For each 10 degrees above or below standard temperature, add or subtract 600 feet to or from the field elevation.

Fixed Pitch Propeller DA Takeoff Distance

To the standard SL takeoff distance, add 12% for each thousand feet of DA up to 8000 feet. Add an additional 20% for each additional 1000 feet DA above 8000 feet.

Constant Speed Propeller DA Takeoff Distance

To the standard SL takeoff distance, add 10% for each thousand feet of DA up to 8000 feet. Add an additional 15% for each additional 1000 feet DA above 8000 feet.

DA Rate of Climb (ROC)—Fixed-Pitch Prop

Reduce SL ROC 7% for each 1000 feet DA up to 8500 feet and 8% for each 1000 feet above 8500.

back to basics 8DA Rate of Climb (ROC)—Variable-Pitch Prop

Reduce SL ROC 6% for each 1000 feet DA up to 8500 feet and 8% for each 1000 feet above 8500.

T/O Distance Varies as the Square of the GW

New weight divided by original weight squared equals takeoff distance factor to be multiplied by the original T/O distance at original weight.

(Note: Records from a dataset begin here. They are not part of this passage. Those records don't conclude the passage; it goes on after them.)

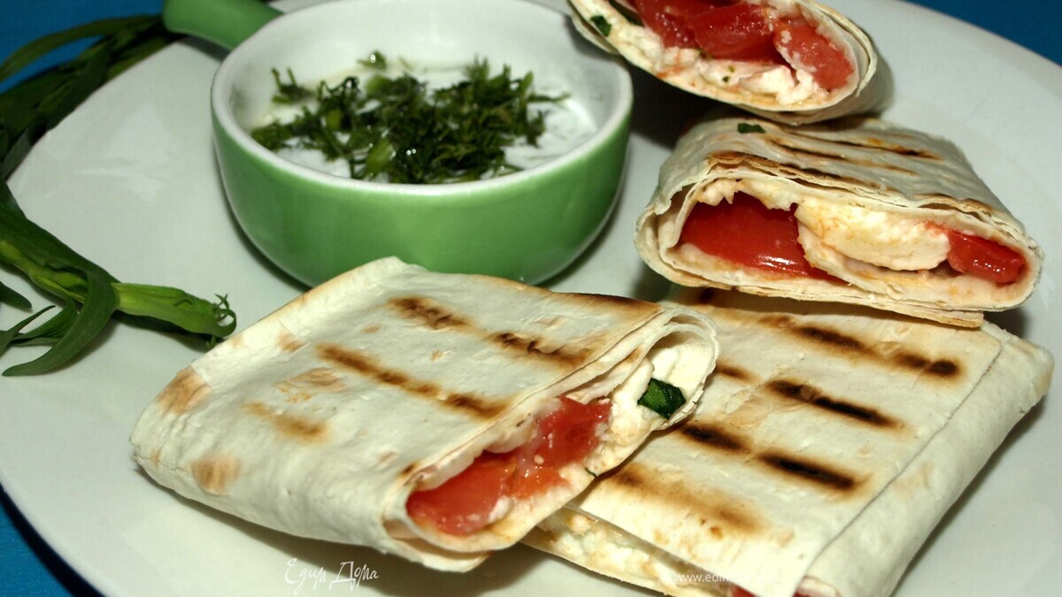 Лаваш с адыгейским сыром, тархуном и помидорами
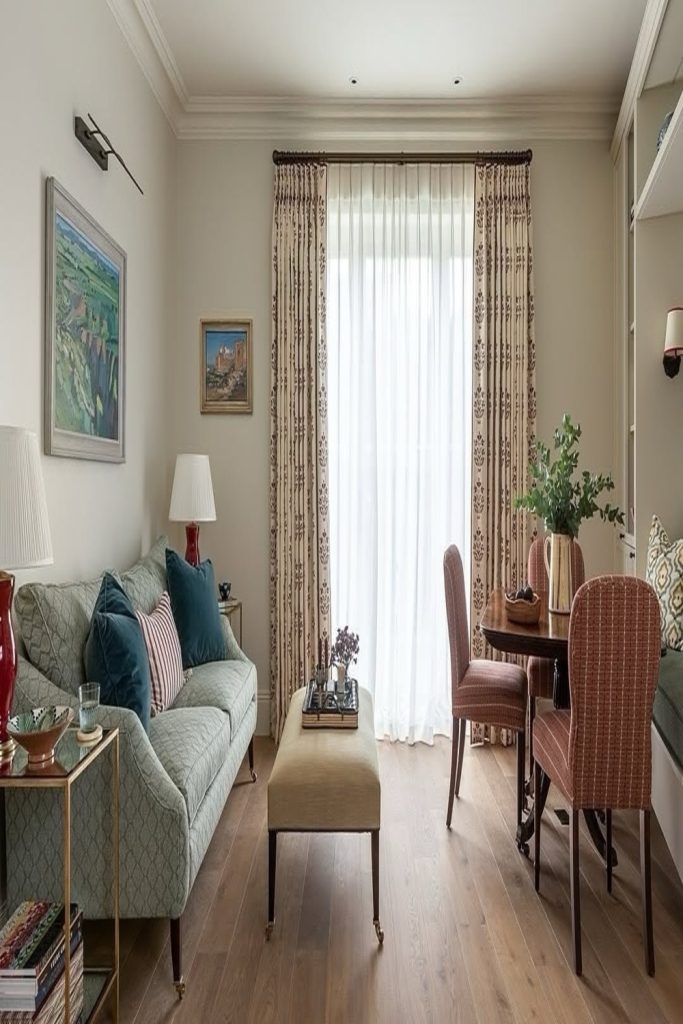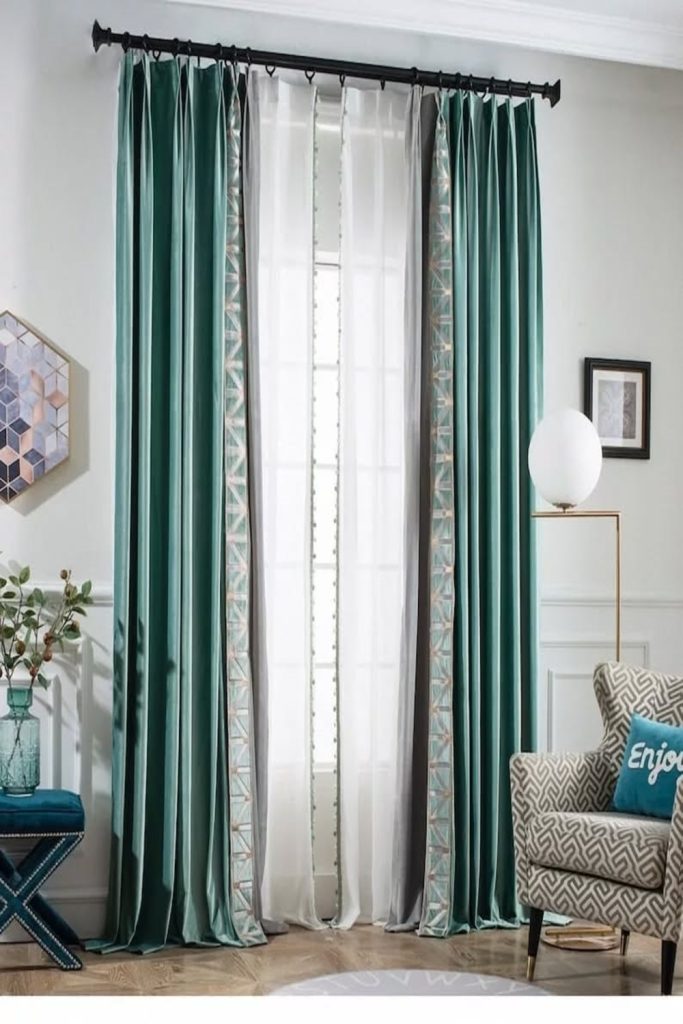This look makes me smile. Long sage linen curtains go to the floor. They make hard windows feel soft. Thin panels mix with thick ones. Light comes in soft and pretty. The room feels full of air. A brass rod adds warm light. My tip: hang rods high. Put them six to eight inches above the frame. Your room looks taller and fancy. These curtains help the earth. You can wash them easy. They make any room cozy fast. I love cozy living room curtains like this. Pin it for your linen curtain refresh!
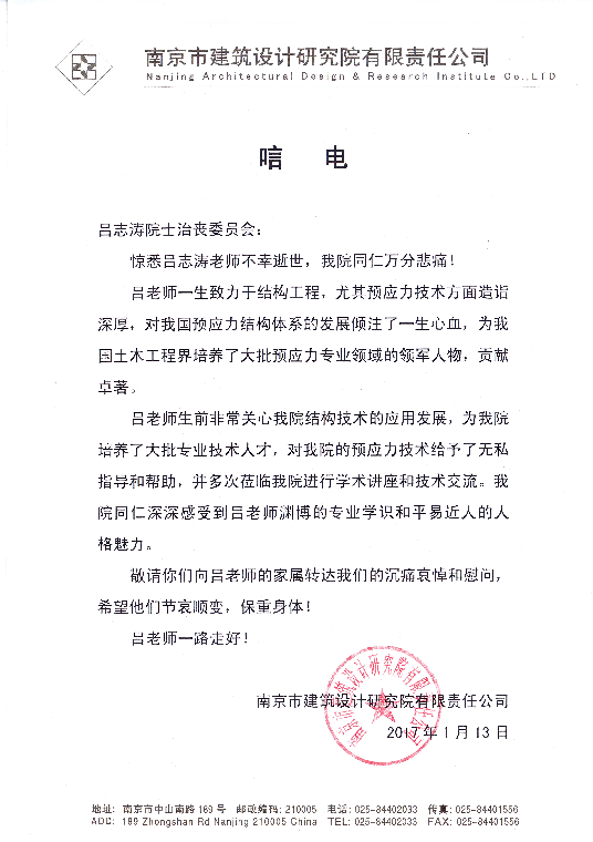 沉痛悼念吕院士 ——南京市建筑设计研究院
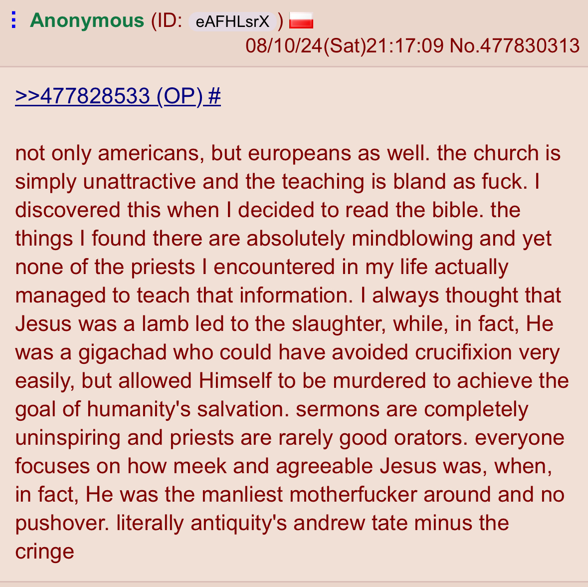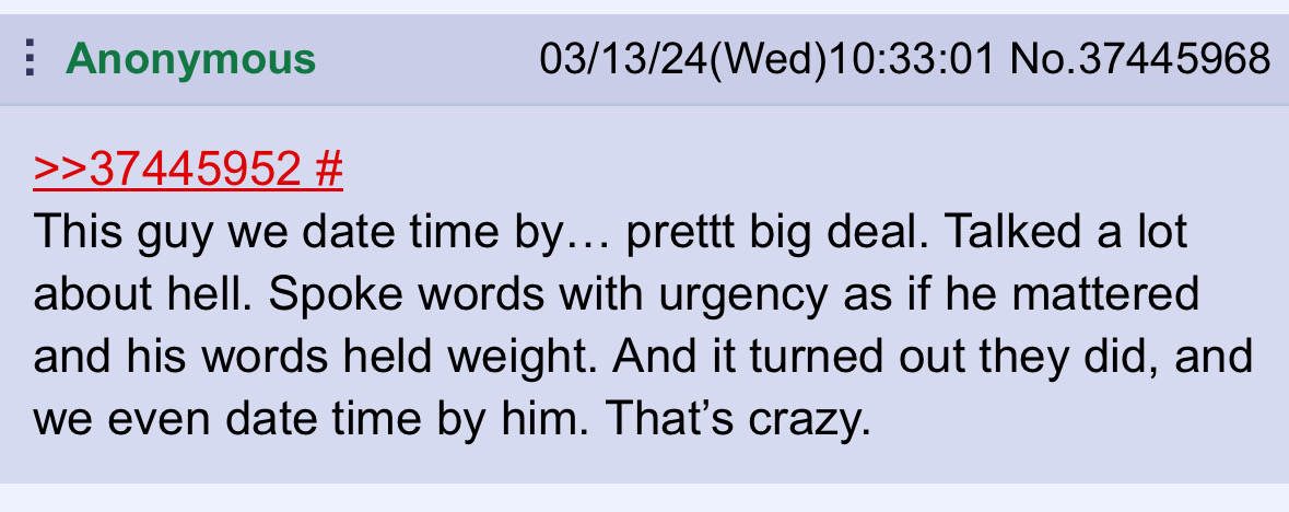 >>41495173I agree, it comes down to context on when to take things seriously, if there's a serious lack of context, or it doesn't really involve you directly, ur better off just having a laugh, and moving onto better things that needs your serious attention>>41495176Holy based, indirect reply anon
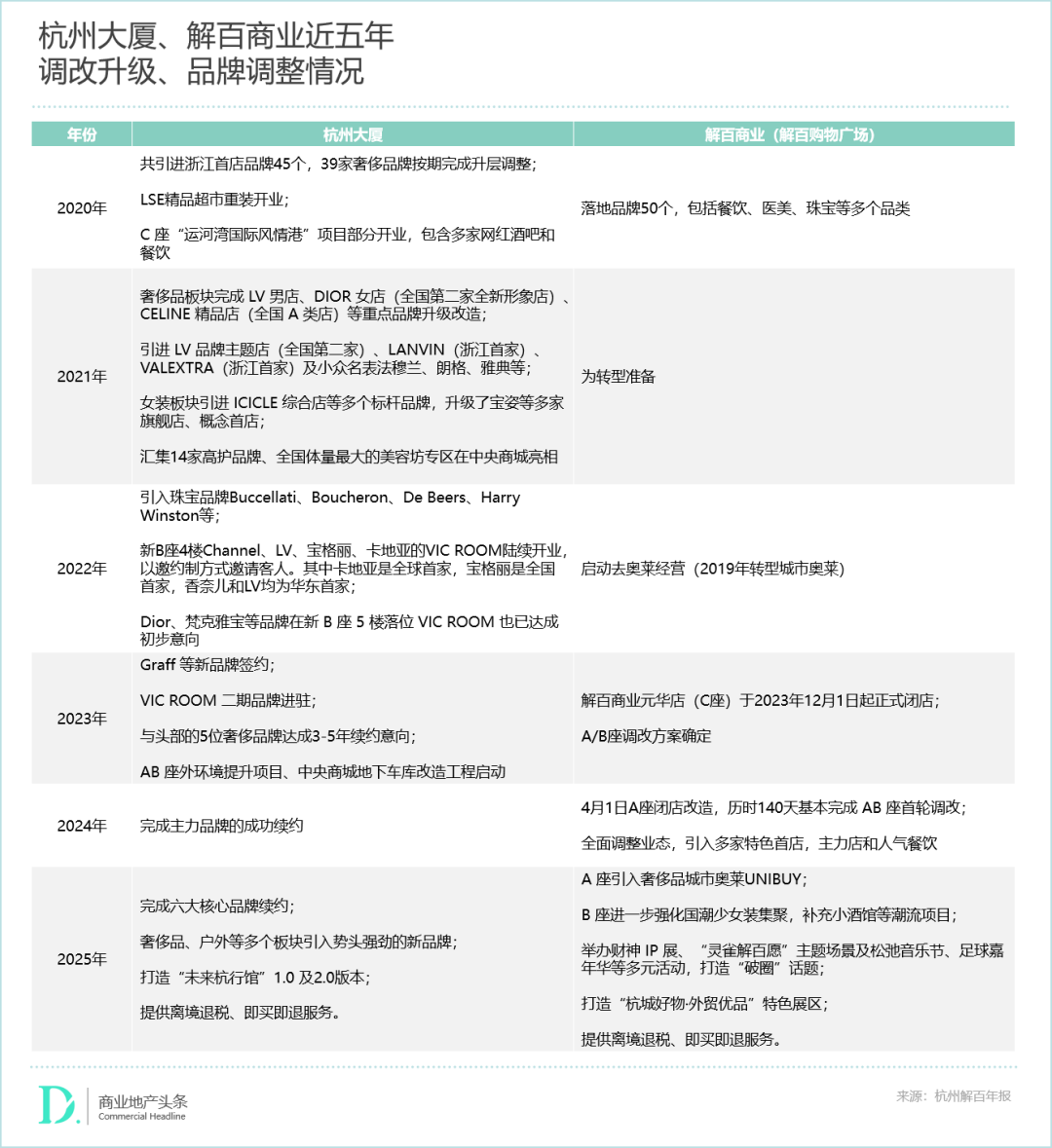 行至2024-2025年,杭州大厦全力投入品牌维护,经过多轮谈判,成功完成六大主力奢侈品牌的续约,并在2025年第二季度成功续约国际顶奢品牌启动重装扩店升级计划。
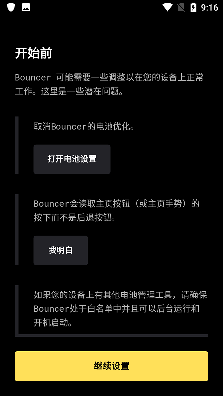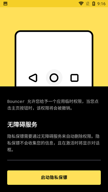 1、在Bouncer隐私守护助手的启动界面,通过无障碍服务自动清除应用临时权限,只需轻点启动,即可开启权限管理功能。
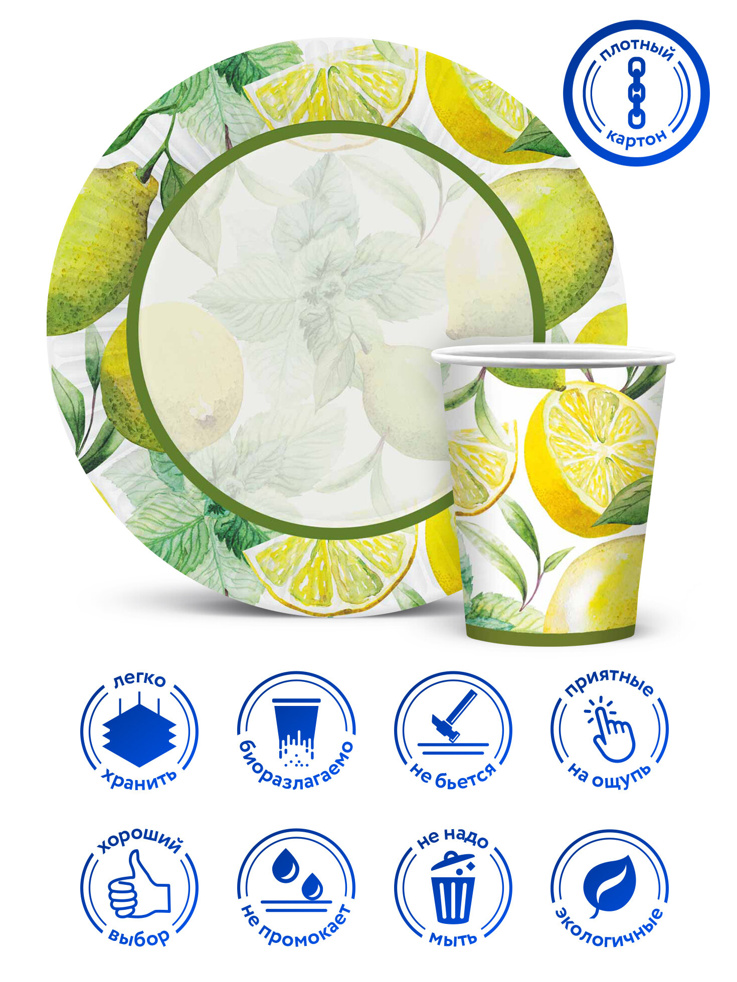 Набор для праздника Лимоны (тарелка бол, стакан, по 12 шт.) информация:

Headwind Reduces T/O Distance

Determine T/O distance for DA. Multiply by 0.90 and subtract the value of the ratio of the headwind divided by the rotation speed.

Tailwind Increases T/O Distance

The Tailwind T/O distance equals 110% of normal takeoff distance plus a percentage of tailwind speed divided by the rotation speed.

Takeoff from Various Surfaces

Increase the Takeoff Distance: Firm Turf—add 7%; Rough, Rocky, or Short Grass—add 10%; Long Grass—add 20-30 %; Soft Field—add 23-75%; Mud or Snow—add 50% or more.